━━━ Record extracts

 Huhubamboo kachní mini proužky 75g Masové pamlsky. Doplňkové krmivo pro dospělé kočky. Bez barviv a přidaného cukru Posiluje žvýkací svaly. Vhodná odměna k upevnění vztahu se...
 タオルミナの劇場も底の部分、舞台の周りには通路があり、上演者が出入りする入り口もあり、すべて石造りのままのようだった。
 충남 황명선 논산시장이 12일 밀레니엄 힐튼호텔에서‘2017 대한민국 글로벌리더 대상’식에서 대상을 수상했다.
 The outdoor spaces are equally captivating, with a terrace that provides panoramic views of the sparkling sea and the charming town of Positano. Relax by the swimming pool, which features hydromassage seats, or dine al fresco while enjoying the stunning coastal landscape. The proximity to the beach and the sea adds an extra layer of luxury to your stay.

━━━━━━
━━━ Record extracts

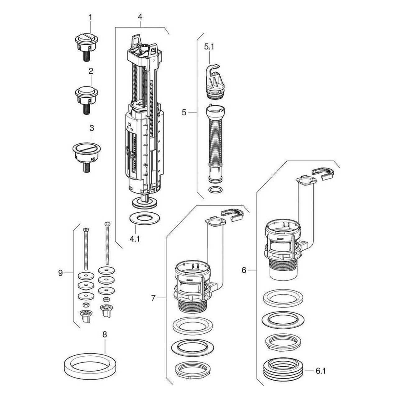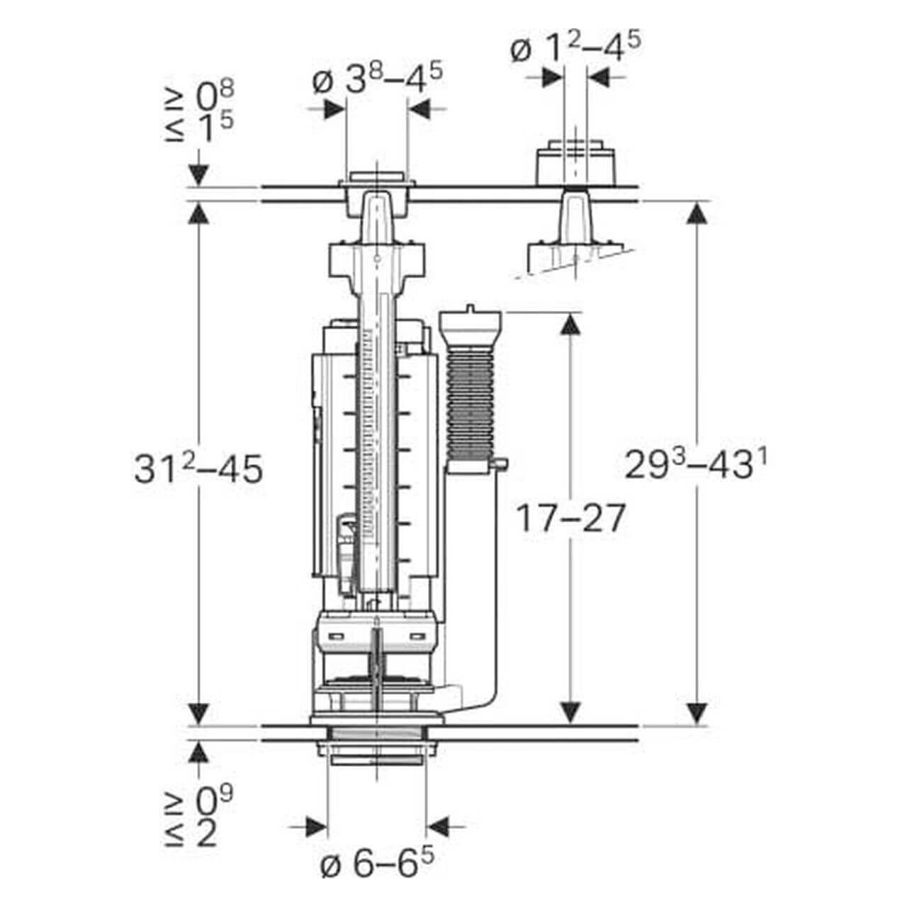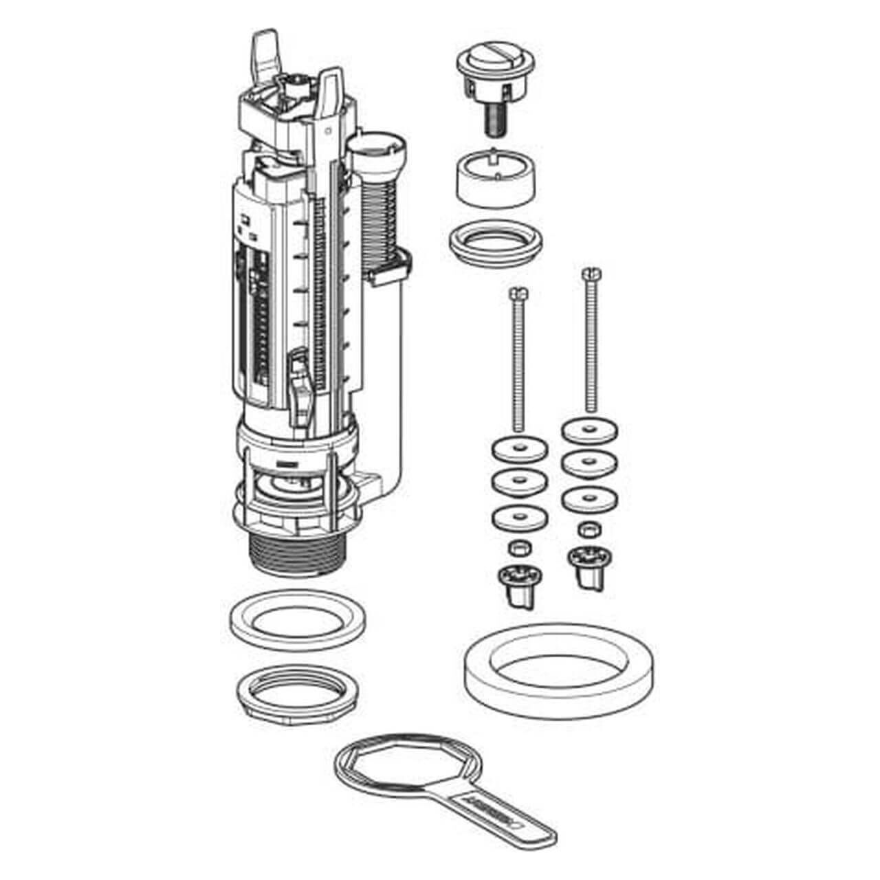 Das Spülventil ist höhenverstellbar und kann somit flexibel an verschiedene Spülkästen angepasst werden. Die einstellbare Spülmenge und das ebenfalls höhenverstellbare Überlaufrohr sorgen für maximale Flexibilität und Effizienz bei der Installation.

━━━━━━

Copy the lines of the data above exactly as written, beginning with the line containing "Huhubamboo kachní mini" and ending with the line containing "The outdoor spaces", and leave out all other lines.

Written answer »
 Huhubamboo kachní mini proužky 75g Masové pamlsky. Doplňkové krmivo pro dospělé kočky. Bez barviv a přidaného cukru Posiluje žvýkací svaly. Vhodná odměna k upevnění vztahu se...
 タオルミナの劇場も底の部分、舞台の周りには通路があり、上演者が出入りする入り口もあり、すべて石造りのままのようだった。
 충남 황명선 논산시장이 12일 밀레니엄 힐튼호텔에서‘2017 대한민국 글로벌리더 대상’식에서 대상을 수상했다.
 The outdoor spaces are equally captivating, with a terrace that provides panoramic views of the sparkling sea and the charming town of Positano. Relax by the swimming pool, which features hydromassage seats, or dine al fresco while enjoying the stunning coastal landscape. The proximity to the beach and the sea adds an extra layer of luxury to your stay.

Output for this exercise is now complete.